Supporting nanoscale zero-valent iron onto shrimp shell-derived N-doped biochar to boost its reactivity and electron utilization for selenite sequestration

Nanoscale zero-valent iron (nZVI) has been widely used in the reductive removal of contaminants from water, yet it still fights against the inherent passive cover and the raise of medium pH. In this study, nZVI was supported onto a nitrogen-doped biochar (NBC) that was prepared by pyrolyzing shrimp shell for efficiently sequestrating aqueous selenite (Se(IV)). The resultant composite (NBC-nZVI) revealed a higher reactivity and electron utili-zation efficiency (EUE) than the bare nZVI in Se(IV) sequestration because of the positive charge, the buffering effect and the good conductivity of NBC. The kinetic rate and EUE of NBC-nZVI were increased by 143.4% and 15.3% compared to the bare nZVI, respectively, at initial pH of 3.0. The high removal capacity of 605.4 mg g-1 for NBC-nZVI was obtained at Se(IV) concentration of 1000 mg L-1, initial pH of 3.0, NBC-nZVI dosage of 1.0 g L-1 and contact time of 12 h. Moreover, NBC-nZVI exhibited a strong tolerance to solution pHs and coexisting compounds (e.g., humic acid) and could reduce the Se(IV) concentration from 5.0 mg L-1 to below the limit of drinking water (50 mu g L-1) in real-world samples. This work exemplified a utilization of shrimp shell-derived NBC to simultaneously enhance the reactivity and EUE of nZVI for reductively removing contaminants.

Automated summary

In this study, nitrogen-doped biochar supported nanoscale zero-valent iron (NBC-nZVI) was used to efficiently remove aqueous selenite (Se(IV)) contaminants from water.
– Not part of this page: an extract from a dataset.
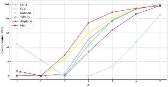 Table 3 shows the compression rate of the label map in each image when  is different. Similarly, to better visualize the change in compression rate, we convert the data in Table 3 into the broken lines in Figure 10. As shown in Figure 10, it can be seen that the trend of the label map’s compression rate is to first decrease and then increase as  increases. The reason is that the proportion of 0 in the label map changes. When the  is small, the proportion of 0 in the label map is small (few labeled pixels). However, the proportion of 1 in the label map is large at this time, which can be compressed. Therefore, the label map has a certain compression rate. For example, the compression rate of Baboon’s label map can reach up to 44.27%. Then, the proportion of 0 in the label map increases as  increases, making the number of 0 and 1 become equal. Thus, the compression rate of the label map is reduced. However, with the proportion of 0 in the label map gradually approaching the maximum as  increases, the label map can be compressed well. For example, the label map’s compression rate of 5 test images is around 99% when  = 7.

The NBC-nZVI exhibited higher reactivity and electron utilization efficiency (EUE) compared to bare nZVI due to its positive charge, buffering effect, and good conductivity. The removal capacity of NBC-nZVI was 605.4 mg g-1 at Se(IV) concentration of 1000 mg L-1, initial pH of 3.0, NBC-nZVI dosage of 1.0 g L-1, and contact time of 12 h. Moreover, NBC-nZVI showed strong tolerance to solution pHs and other coexisting compounds, and could effectively reduce Se(IV) concentration in real-world samples.